There’s an awful lot of politics going on these days. We’ve just had a bit of a political earthquake in the UK or at least a nasty aftershock after last year’s Brexit vote. Prime Minister May decided to have a snap general election to strengthen her hand in the Brexit negotiations which start on 19th June. With her personal standing in the country head and shoulders above all her rivals and the Conservative party 20 points ahead of their nearest rivals, it looked like a walk over and she would be returned with a huge majority in Parliament. It didn’t happen. The numbers converged and we now have a hung parliament with the Consevatives the largest party but, if the rest got together, they can block anything she wants to do.

The map above shows where the parties hold power. The blue areas were won by the Consevatives, it looks impressive but they are, mostly, the big, affluent, thinly populated country areas. The red areas are the Labour areas. They are strong in the big cities like London, Birmingham, Manchester, Leeds, Newcastle. Small in area but dense in population. The orange areas are the Liberal Democrats, a centrist party. The yellow areas are the Scottish National Party, a political party that would dearly like independence for Scotland. The green areas are Plaid Cymru, a Welsh party not as strong as the Scottish National Party. Look carefully on the south coast of England, south of the red blob of London, between two red patches there is another green patch. This is the constituency of Brighton Pavilion, the only place where the Green Party have an MP. Seaside city Brighton does like to march to the beat of its own drum.

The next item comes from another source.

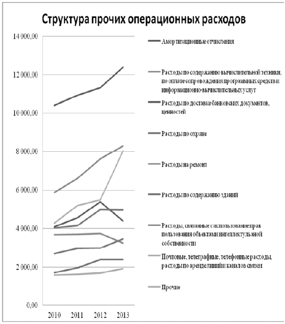 Выявлено: – рост амортизационных расходов; – снижение расходов на ремонт в последний период; – рост расходов на ИТ (достаточно стабильный – около 10 % в год);– рост Прочих расходов[14], особенно за последний период; – снижение расходов по доставке банковских документов в последнем периоде после равномерного роста в предыдущие периоды.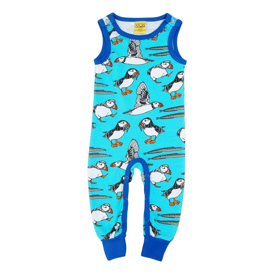Puffins print on blue organic cotton dungarees by DUNS Sweden

Tom’s ideas about what’s happened….

CONSERVATIVES. The Consevatives should have won handsomely. They didn’t. I think it’s for three reasons. First, it was all about Theresa May. They thought she was so strong that she could carry the country with her but, as we got to see her more, she came across as cold and distant. Other big personalities in the party, including Boris, were kept out of the campaign. Second they talked about Brexit to the exclusion of everything else so we never got to know there they stood on other important issues. Bad move. The third reason was Brexit itself. The vote in 2016 was very close. Since then it’s been all about the people who voted leave. Those of us who voted remain have been sidelined. Yesterday we voted and made our voice heard. Brexit will have to be considerably softened now (we were going to crash out of Europe in a hard Brexit) and there will have to be changes in our approach to Brexit. Especially as the Conservatives will need a Northern Ireland party to support them, the DUP. They don’t want a hard border between Northern Ireland and the rest of Ireland. Neither do we. A hard border could take them back to the bad old days of virtual civil war. Yesterday’s election will stop that.

LABOUR. ┬áLabour have lost. They have a deeply divisive leader, Jeremy Corbyn, who has spent the last six weeks wandering round the country promising everyone who will listen free money. He could do that because he knew he’d not win. Young voters have been seduced by all that but older voters aren’t so gullible. Personally, I’d want to see the money in my bank before I’d vote for him. They are posturing today as if they have won. They haven’t. They won a few constituencies in university towns where they promised to pay everyone’s tuition fees but that was that. But they have decisively lost but are in delusional denial.

LIBERAL DEMOCRATS, PLAID CYMRU, GREENS. These three parties are too small to have any real effect on politics. Fun to have about but not powerful enough.

SCOTTISH NATIONAL PARTY. The leader of this party, Nicola Sturgeon, wants Scotland to be independent. They had a referendum a couple of years ago and the Scots said ‘No’. Then Brexit happened. Scotland voted to stay in Europe while the UK narrowly voted to leave. Ms. Sturgeon started banging on about having another independence referendum. That’s all you ever hear from her. The Scots have had enough. Yesterday morning all but two constituencies in Scotland were controlled by her party. Last night she lost 21 of them to the Conservatives and Labour.

So there we are. Another fine mess. It’s going to be fun seeing how they get out of this one.